Tabanca Grande Luís Graça disse...

Caro Juvenal, obrigado pela tua resposta ao desafio dos editores sobre o 1º de dezembro...

Cada um tem as suas "efemérides" de predileção... É engraçada a coincidência, que deve ser mais do que isso: o ataque a Galomaro em 1 de dezembro de 1972 (ou 1973 ?)... Tenho ideia que alguns ataques e flagelações aos nossos aquartelamentos, destacamenos e tabancas em autodefesa também obedeciam a um planeamwento "político"... Não era por acaso que o PAIGC escolhia datas como o 1º de dezembro ou o 28 de maio ou o 10 de junho... Eles conheciam bem a nossa história, estudaram (o Amílcar Cabral e os demais dirigentes do PAIGC) pelos mesmos manuais escolares que nós...Eles conheciam quais eram os nossos feriados nacionais no tempo do Estado Novo...
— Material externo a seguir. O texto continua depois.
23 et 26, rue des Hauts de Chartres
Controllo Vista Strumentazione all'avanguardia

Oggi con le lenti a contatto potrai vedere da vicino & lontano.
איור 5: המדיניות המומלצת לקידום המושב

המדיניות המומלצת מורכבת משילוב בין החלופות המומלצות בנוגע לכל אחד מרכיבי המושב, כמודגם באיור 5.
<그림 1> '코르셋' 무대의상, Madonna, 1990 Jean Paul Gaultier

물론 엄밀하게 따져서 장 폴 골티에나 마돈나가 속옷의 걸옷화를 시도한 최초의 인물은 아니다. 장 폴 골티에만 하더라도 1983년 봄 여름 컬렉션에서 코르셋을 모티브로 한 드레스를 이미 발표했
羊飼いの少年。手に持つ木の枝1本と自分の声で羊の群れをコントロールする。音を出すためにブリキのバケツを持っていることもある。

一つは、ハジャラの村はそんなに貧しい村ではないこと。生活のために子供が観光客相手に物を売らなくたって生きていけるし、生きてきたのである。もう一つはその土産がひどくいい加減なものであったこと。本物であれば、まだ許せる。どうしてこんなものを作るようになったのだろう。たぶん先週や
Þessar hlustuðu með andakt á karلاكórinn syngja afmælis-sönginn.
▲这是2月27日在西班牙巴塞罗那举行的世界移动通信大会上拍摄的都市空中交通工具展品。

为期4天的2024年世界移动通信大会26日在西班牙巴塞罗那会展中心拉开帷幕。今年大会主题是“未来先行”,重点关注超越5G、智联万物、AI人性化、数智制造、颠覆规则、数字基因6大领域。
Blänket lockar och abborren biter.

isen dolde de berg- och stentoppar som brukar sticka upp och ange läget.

Quanto ao efeito disuasor do nosso morteiro 81...Não se podiam comparar ao morteiro 120 (que o PAIGC usou contra algumas das nossas posições fronteiriças), mas era talvez bem mais mortífero, e sobretudo flexível, quando bem manuseado, pelas NT, na resposta a ataques e flagelações com a guerrilha espalhada pelo perímetro dos nossos aquartelamentos...

Tínhamos a vantagem do espaldão, do municiameneto e dos planos de tiro... O morteiro 81, arma de tiro curvo, fez muitos estragos aos homens do PAIGC, quando se arriscavam a vir perto do arame farpado...
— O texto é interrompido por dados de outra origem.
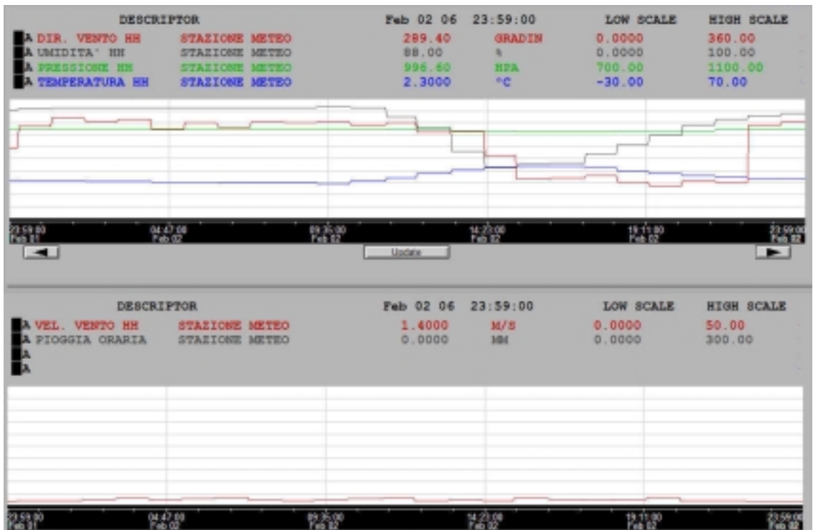
Figura 5. Condizioni meteo del 2 febbraio 2006.
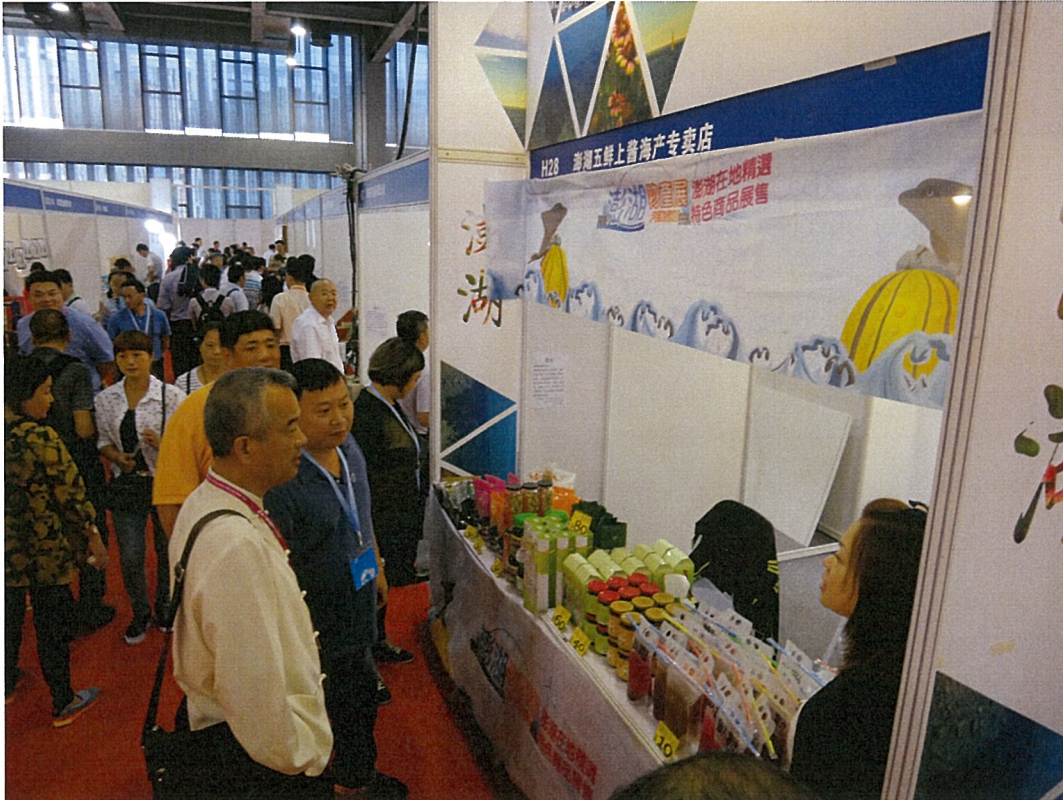
澎湖展區-澎湖紅果生技公司
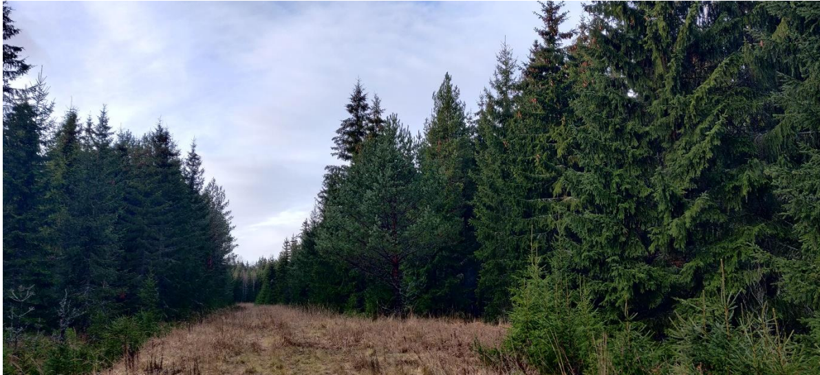
Figur 3-3. Vägsträckning och dikad, grandominerad ekonomiskog vid Gråstenskarret 2021.

På den planerade platsen för kraftverk T4 finns utöver det ängsartade området huvudsakligen kraftigt dikad ekonomiskog dominerad av i genomsnitt över 60-åriga granar. Det finns också inslag av björk och lövträdsplantbestånd, främst längs dikena. Växtligheten kring den nya kraftverksplatsen består delvis av torrlagt kärr och frisk mo. På området upptäcktes inga särskilda naturvärden. Tidpunkten för utredningsbesöket orsakar en viss osäkerhet i bedömningen.
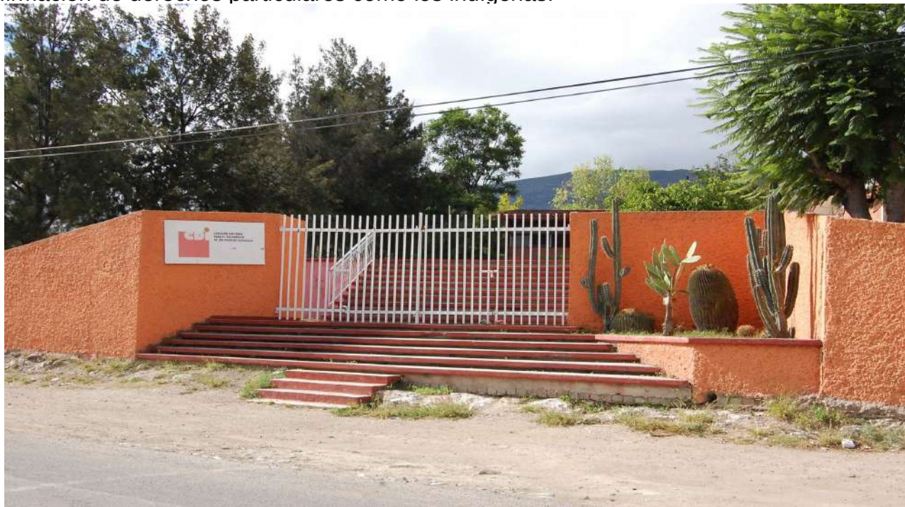
Imagen 8. Fachada de las instalaciones de CDI en San Pedro Tolimán 23-08-13. Octavio Cabrera Serrano.

Por lo tocante a la participación ciudadana, en el taller se muestra que los otomíes del Comité Regional y los delegados y subdelegados poseen un gran conocimiento e interacción fuerte con distintos actores sociales locales, que además muestra la manera en que se vinculan social, política y económicamente con las organizaciones independientes y con las del Estado. Asimismo, se observa como desde su perspectiva del Comité, los otomíes inciden o reclaman la necesidad de tomar decisiones en las esfera pública local, es decir, hay una búsqueda por su inclusión desde la participación ciudadana tomando como estandarte la afirmación de derechos particulares como los indígenas.
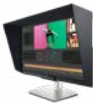
Dell UltraSharp 32-HDR-PremierColor-Monitor UP3221Q

Erstellen Sie phänomenale 4K-HDR-Inhalte auf dem weltweit ersten Profimonitor mit 2K-Mini-LED-Dimmbereichen und direkter Hintergrundbeleuchtung.*
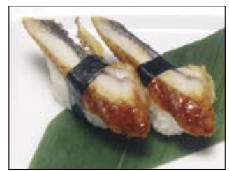
420. Unagi 6,50 gegrillter Aal

Tabanca Grande Luís Graça disse...

Um dos nossos problemas é que as unidades de quadrícula estavam dependentes dos esquadras dos pelotões de armas pesadas... Havia um pelotão de morteiros (e mais raramente de canhões s/r) em cada batalhão... As esquadras (equipas ou seções) eram enviadas para as unidades de quadrícula...

Aqui ninguém tinha tido instrução de armas pesadas de infantaria... E mesmo os "especialistas de armas pesadas de infantaria", como eu, tiveram muito pouco treino de "fogo real"... NO meu tempo, em Tavira, no CISMI, no 4º trimestre de 1968, a ordem era já para poupar até ao "último tostão"...
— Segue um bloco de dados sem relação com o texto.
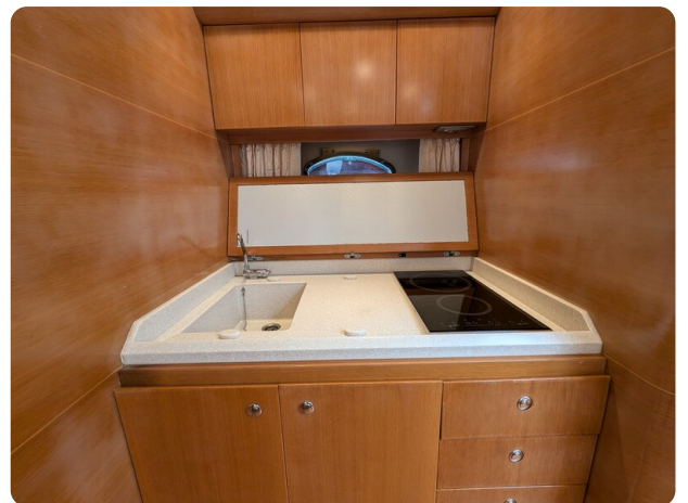
Sarnico Spider galley
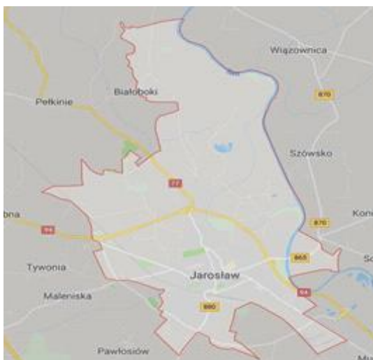
Rysunek 1: Granice miasta

Geograficznie Jarosław jest zlokalizowany we wschodniej części województwa podkarpackiego. Miasto położone jest na pograniczu Podgórze Rzeszowskiego (zwanego również Podgórzem Jarosławskim) i Doliny Dolnego Sanu, leży w sąsiedztwie trzech gmin wiejskich: Jarosław, Wiązownica i Pawłosiów. Położone jest na przebiegu ważnych szlaków komunikacyjnych Polski południowej. Jarosław oddalony jest 55 km od Rzeszowa (układem drogowym) oraz 59 km od lotniska w Jasionce k. Rzeszowa. Od przejścia granicznego z Ukrainą w Korczowej Jarosław dzieli zaledwie 36 km. Ważnymi elementami układu drogowego są przebiegająca od południowej strony miasta autostrada A4 (będąca elementem trasy europejskiej E40) w kierunku wschód-zachód (biegnąca od Jędrzychowic przy granicy z Niemcami do przejścia granicznego z Ukrainą w Korczowej) oraz - w kierunku północ-południe - droga krajowa nr 77. W związku z bliskością autostrady, niedaleko miasta znajdują się dwa węzły autostradowe: Jarosław Zachód (łączy autostradę z drogą krajową nr 94) i Jarosław Wschód (łączy autostradę z drogą wojewódzką nr 880). Natomiast od strony północnej miasta biegnie droga krajowa nr 94, będąca alternatywną trasą dla autostrady. W 2012 r. otwarto obwodnicę miasta Jarosławia.

Em boa verdade, a nossa instrução nilitar era quase toda ela feita... a "papel e lápis", como alguns muitos dos cursos (quer de formação profissional, quer universitários, de pós-graduação, etc.) que se tiram por aí... Quem, em boa verdade, sabia operar, com perícia, destreza, competência, sangue-frio, o morteiro 81, o canhão s/r 75, as metralhadoras pesadas Breda e Browning ?... Reparem, todo este equipamento era já "obsoleto", eram restos da II Guerra Mundial...

O morteiro (médio) 81 mm Brandt m/1931 tinha já 4 décadas...E o morteiro (ligeiro) 60 mm M2 m/952, bem manuseada (por quem tinha unhas---), era um arma temível a bater o arame farpado e imediações...

Quem, nas nossas unidades, tnham tido treino como apontador ou municiador d emorteiro ?...

Não admira, por isso, que o teu capitão Pamplona tenha decidido, e bem, dar instrução de morteiro aos "básicos" da CCS (sem ofensa, para vocês, escriturários, maqueiros, mecânicos, condutores...). Quando se tratava de defender a "nossa casa" (e as nossas vidas...), em caso de ataque ao aquartelamento, todos os militares eram operacionais, dos aijudantes de cozinheiro ao "escrita"...

Juvenal Amado disse...

É como dizes os operacionais em Galomaro não eram disponibilizados para a defesa do quartel. O abrigo dos Sapadores bem como do PELREC estavam virados para a tabanca por isso a quem cabia o ónus da defesa eram os abrigos virados para a pista de aviação e para o campo de futebol. Eram esses os cozinheiros, corneteiros, mecânicos condutores, transmissões, escriturários etc. Um dos morteiros estava entre a enfermaria e abrigo dos escriturários dos o outro mesmo ao lado do meu abrigo onde conviviam condutores, mecânicos, cozinheiros, corneteiros do outro lado era o abrigo da MG42 . A localização das duas armas estratégicas levou que o meu abrigo fosse duramente atingido com 5 roquetes tendo penetrado a nível do tecto que cortou as barras de ferro que sustinham o tecto . Outra curiosidade foi o morteiro que estava ao pé do meu abrigo ter ficado com a primeira granada encravada pois o cano estava quase meio de terra. Para isso deve ter contribuído o Jamba um balanta que tinha livre transito e que se veio a saber depois que era do PAIGC.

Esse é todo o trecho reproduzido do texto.